Filtering using aggregation functions

I would like to filter my table by MIN() function but still keep columns which cant be grouped.
I have table:
+----+----------+----------------------+
| ID | distance | geom |
+----+----------+----------------------+
| 1 | 2 | DSDGSAsd23423DSFF |
| 2 | 11.2 | SXSADVERG678BNDVS4 |
| 2 | 2 | XCZFETEFD567687SDF |
| 3 | 24 | SADASDSVG3423FD |
| 3 | 10 | SDFSDFSDF343DFDGF |
| 4 | 34 | SFDHGHJ546GHJHJHJ |
| 5 | 22 | SDFSGTHHGHGFHUKJYU45 |
| 6 | 78 | SDFDGDHKIKUI45 |
| 6 | 15 | DSGDHHJGHJKHGKHJKJ65 |
+----+----------+----------------------+
This is what I would like to achieve:
+----+----------+----------------------+
| ID | distance | geom |
+----+----------+----------------------+
| 1 | 2 | DSDGSAsd23423DSFF |
| 2 | 2 | XCZFETEFD567687SDF |
| 3 | 10 | SDFSDFSDF343DFDGF |
| 4 | 34 | SFDHGHJ546GHJHJHJ |
| 5 | 22 | SDFSGTHHGHGFHUKJYU45 |
| 6 | 15 | DSGDHHJGHJKHGKHJKJ65 |
+----+----------+----------------------+
it is possible when I use MIN() on distance column and grouping by ID but then I loose my geom which is essential.

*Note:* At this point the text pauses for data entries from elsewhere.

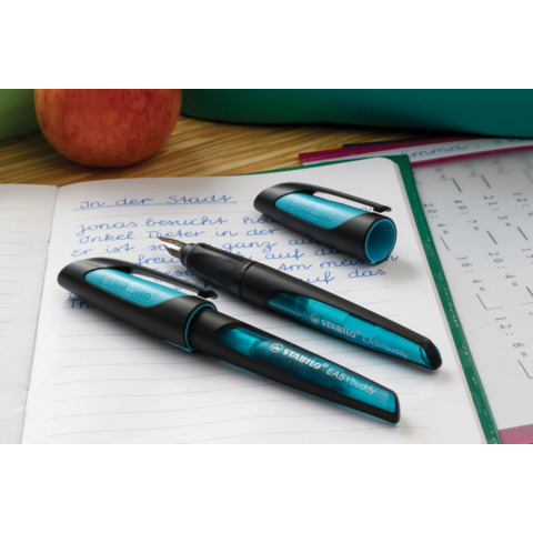schwarz/himmelblau Ergonomischer Schulfüller STABILO® EASYbuddy. Material der Schreibfeder: Stahlfeder (Iridium-Korn). Ausführung Tintenpatrone: Standardpatrone, königsblau (löschbar). Material des Schaftes: ABS (Kunststoff). Ausführung der Griffzone: Soft-Griffzone aus rutschfestem Material - sowohl für Rechts- als auch für Linkshänder geeignet. Ausführung Clip: Kunststoff, schwarz. Feder durch neues Griffstück leicht auswechselbar. Ausführung der Feder: eingefasste Feder (M) zum Schutz vor blauen Fingern. Empfohlenes Mindestalter: 7 Jahre. Ausführung des Inhalts mit Packung: 1 Füller inkl. 1 Standardpatrone.
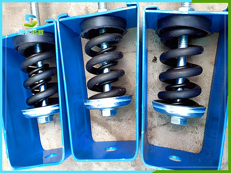 吊架減振器,采用特制的阻尼材料與特制的彈簧相結(jié)合,以金屬?gòu)椈蔀橹?,具有自振頻率低,阻尼適當(dāng)、隔振降噪效果明顯的功能。在保證隔離中低頻噪聲時(shí)的良好效果同時(shí)避免高頻失效現(xiàn)象。
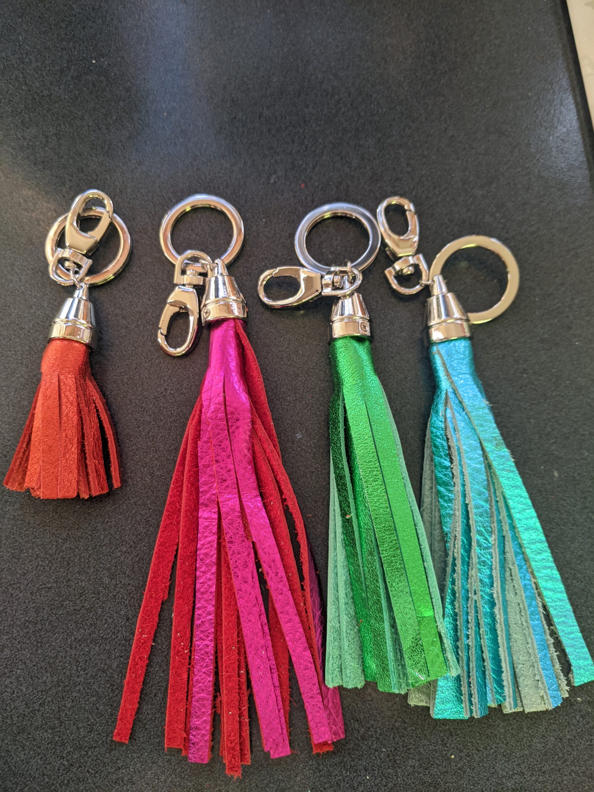 Key Ring Tassel Cap is the newest accessory to add to your sporran, belt, purse, backpack…practically anywhere you want to clip it. Colorful leather, sturdy keyring cap and good looking hardware. Be the first to tout one! Tassel is approximately 4″ with a little less or little more fringe depending on how the leather moves. As the Picts, Vikings and Celts know…it is all in the accessories.

The query looks like this:
SELECT "ID", MIN(distance) AS distance FROM somefile GROUP BY "ID"
the result is:
+----+----------+
| ID | distance |
+----+----------+
| 1 | 2 |
| 2 | 2 |
| 3 | 10 |
| 4 | 34 |
| 5 | 22 |
| 6 | 15 |
+----+----------+
but this is not what I want.
Any suggestions?
One common approach to this is to find the minimum values in a derived table that you join with:
SELECT somefile."ID", somefile.distance, somefile.geom
FROM somefile
JOIN (
SELECT "ID", MIN(distance) AS distance FROM somefile GROUP BY "ID"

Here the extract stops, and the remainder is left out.